Recoskie, a retired aircraft mechanic and pilot, bought 60 hectares (150 acres) of property 12 years ago. He was about to expand the small cottage he and his wife, Wanda Recoskie, inhabit and was planning to install a wind turbine and solar panels so they could be self-sufficient.

They're hoping to retire on the property and sell their home in Kemptville, but the Recoskies have put their plans on hold due to concerns that a uranium mine will emerge next to them.

Recoskie has looked into selling his land and visited a real estate agent yesterday to find out how much he could get for the property. "They told me ... they wouldn't be interested in listing it because they're almost certain they couldn't sell it anymore," he said. "I'm paying property taxes on land worth $150,000, but I can't sell it." North Frontenac Township has not taken a stance on the uranium mining issue because council is just as divided on the issue as the community.

Deputy mayor Jim Beam said about half of the people he speaks to are for the mine and half are against. Another large group is against the mine, but is unhappy about the blockade.

Unlike neighbouring councils in Central Frontenac and Addington Highlands, which don't want a uranium mine in the area, North Frontenac has reserved judgment because it believes that responsibility lies with the provincial government.

"Individual councillors have expressed their opinions, but we're still maintaining it's a problem with the Mining Act, which is a provincial act," said Beam, adding that he personally doesn't want to see a uranium mine in the area.

He said tensions are mounting in the community as residents worry about a repeat of Caledonia or Ipperwash.

In Caledonia, police, natives and non-native protesters have clashed over a 17-month aboriginal blockade to protest a housing development that was being built on land local natives claimed as their own.

During the 1995 Ipperwash crisis in Ipperwash Provincial Park, several members of the Stoney Point Ojibway band occupied the park in order to assert their claim to the land.

The occupation led to a violent confrontation between protesters and the OPP, who killed protester Dudley George.

Representatives of Frontenac Ventures and the protesters both spoke at a special township meeting Wednesday and tried to win support from councillors, but Beam said the council will continue to take no official stance.

When he refused to pay his August property taxes Wednesday, Mississippi Station resident Bob Johnson told township staff this would be the first time in almost 40 years that he hadn't paid his taxes on time.

He hopes other local residents will follow his lead in hopes of forcing some level of government to take a stand.

"Nobody wants to own this," said Johnson, a semi-retired businessman and jack-of-all-trades. "Why have we got into this mess?

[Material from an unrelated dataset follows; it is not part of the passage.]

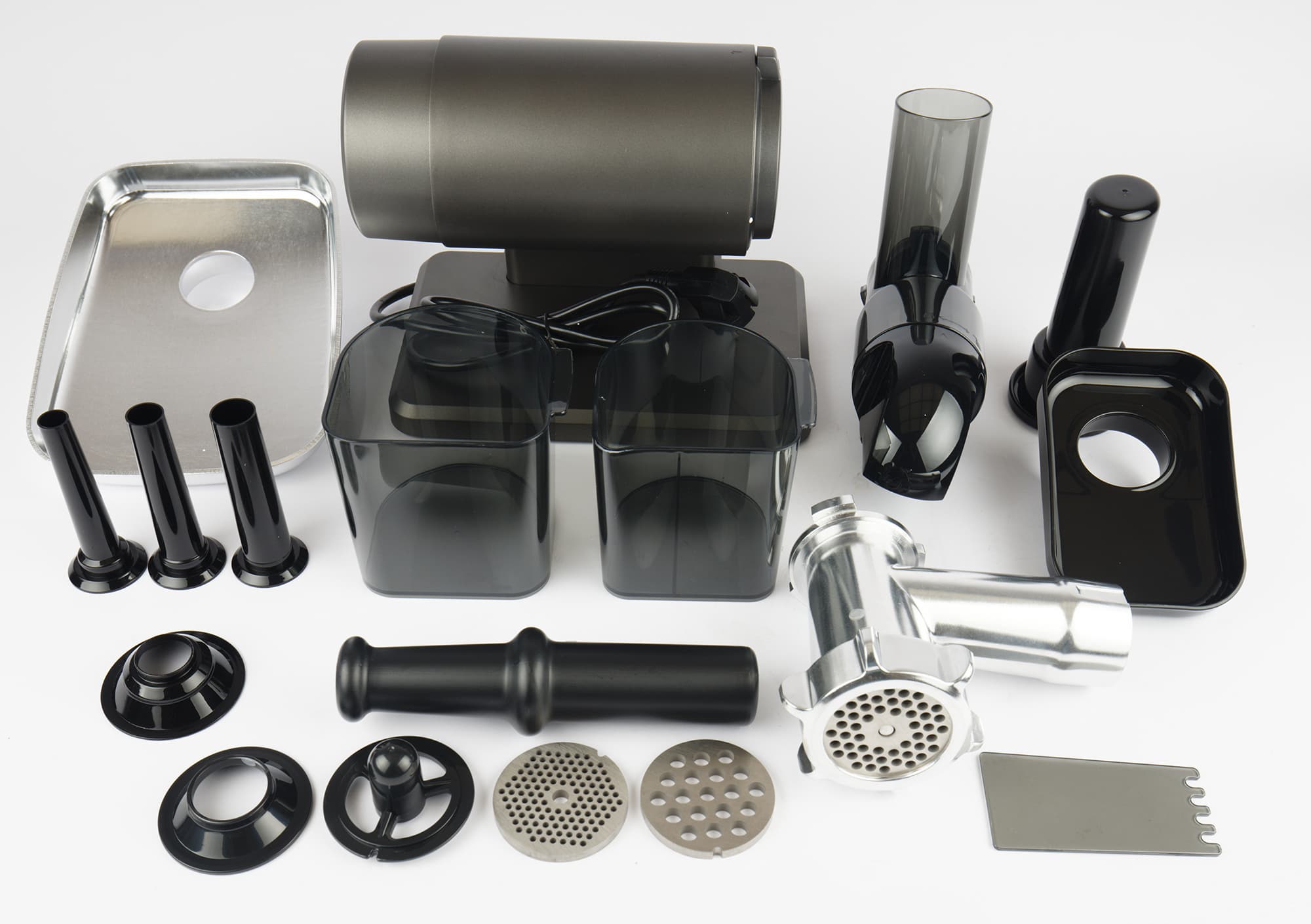 Все аксессуары выполнены из черного пластика. Помимо толкателя к мясорубке прилагаются три насадки для приготовления колбасок разной толщины и две насадки для кеббе. На фото также затесался декантер — он относится к соковыжималке.

Because we have no ownership."

He doesn't understand why council won't take a position.

"It makes no sense for a township that has been promoting recreation, tourism and retirement for 30 years," he said.

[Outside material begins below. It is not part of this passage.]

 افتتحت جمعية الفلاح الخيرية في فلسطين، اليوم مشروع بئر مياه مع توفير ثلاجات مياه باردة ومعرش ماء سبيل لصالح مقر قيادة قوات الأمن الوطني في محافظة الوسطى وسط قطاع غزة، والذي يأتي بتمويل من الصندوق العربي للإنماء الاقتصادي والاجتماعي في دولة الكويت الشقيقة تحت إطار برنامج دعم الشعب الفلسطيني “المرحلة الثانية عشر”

Harold Perry, honourary chief of the Ardoch Algonquins, believes the tax revolt is growing as news of the men's refusal to pay their taxes spreads by word of mouth and the Internet.

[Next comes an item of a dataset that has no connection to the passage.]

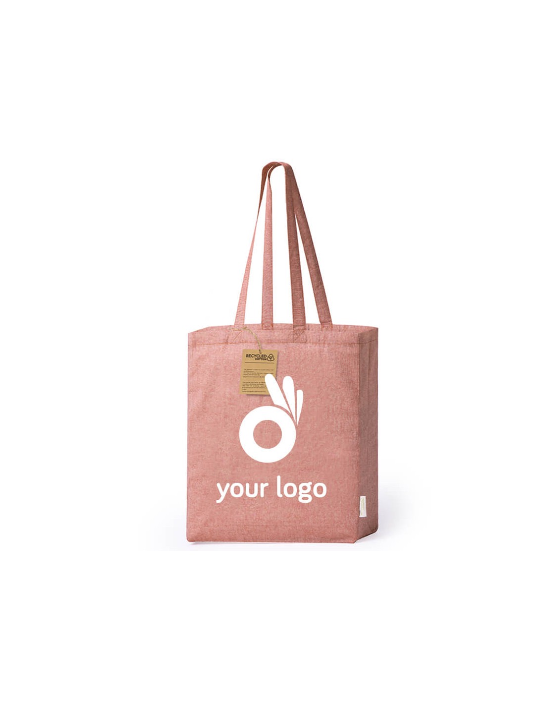 Bolsa en material 100% algodón reciclado de 140 g/m2. Asas largas de 70cm con refuerzo, de acabado cosido y fuelle. Logotipo en etiqueta lateral y resistencia hasta 8 kg de peso. Disponible en variada gama de colores nature.

"They can't have it both ways," Perry said. "They have to express their position right now."

The Algonquins and their non-native neighbours have been calling upon the premier's office to intervene in the matter, fearing that an attempt to forcibly remove them could lead to violence.

A spokeswoman from the premier's office has said they won't comment specifically on the mine site case because it is before the court.

Anne-Marie Flanagan, press secretary to Aboriginal Affairs Minister David Ramsay, said she can't comment for the same reasons.

However, Flanagan said Ramsay and Minister of Northern Development and Mines Rick Bartolucci, sent a letter to the Algonquins on Wednesday.

In it, the ministers said they couldn't talk about the issue because it's the subject of a legal dispute.

The letter also said the most appropriate forum to discuss the matter would be through ongoing land claims negotiations between a larger Algonquin group that does not represent the Ardoch or Shabot Obaadjiwan Algonquins.

The larger group has been negotiating with the federal government since 1992 over a land claim that encompasses 14,000 square miles of land, including the Parliament buildings and the City of Ottawa.